═════ Dataset content
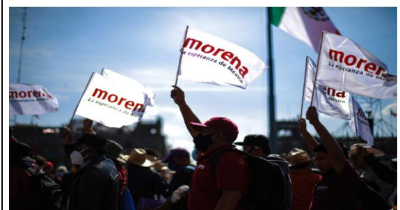
Este 21 de agosto en la Segunda Convención Nacional Morenista.

"Defendamos la esperanza y los principios de nuestro movimiento: No mentir, no robar y no traicionar", es el llamado que los morenistas disidentes lanzaron.
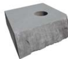
▲ Čuvar duše , 2003./04. mramor 34,5 × 144 × 128 cm
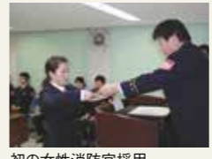
初の女性消防官採用
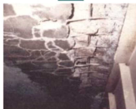
●橋が壊れている様子。
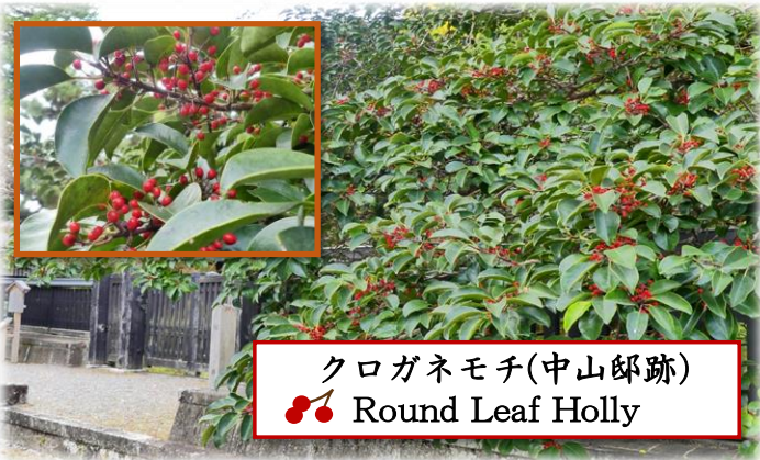
クロガネモチ(中山邸跡) Round Leaf Holly

明治天皇の生家である中山家。ここにはご誕生の際に建てられた産屋と、ご幼名「祐宮」の名前にちなんだ「祐井(さちのい)」という井戸が今も残っております。 現在、中山邸跡のクロガネモチの実が見頃です。
══════════
In the records above, find the line that contains "144 × 128 cm" and repeat exactly that line and all lines after it to the end. Do not include pictures.

▲ Čuvar duše , 2003./04. mramor 34,5 × 144 × 128 cm
初の女性消防官採用
●橋が壊れている様子。
クロガネモチ(中山邸跡) Round Leaf Holly

明治天皇の生家である中山家。ここにはご誕生の際に建てられた産屋と、ご幼名「祐宮」の名前にちなんだ「祐井(さちのい)」という井戸が今も残っております。 現在、中山邸跡のクロガネモチの実が見頃です。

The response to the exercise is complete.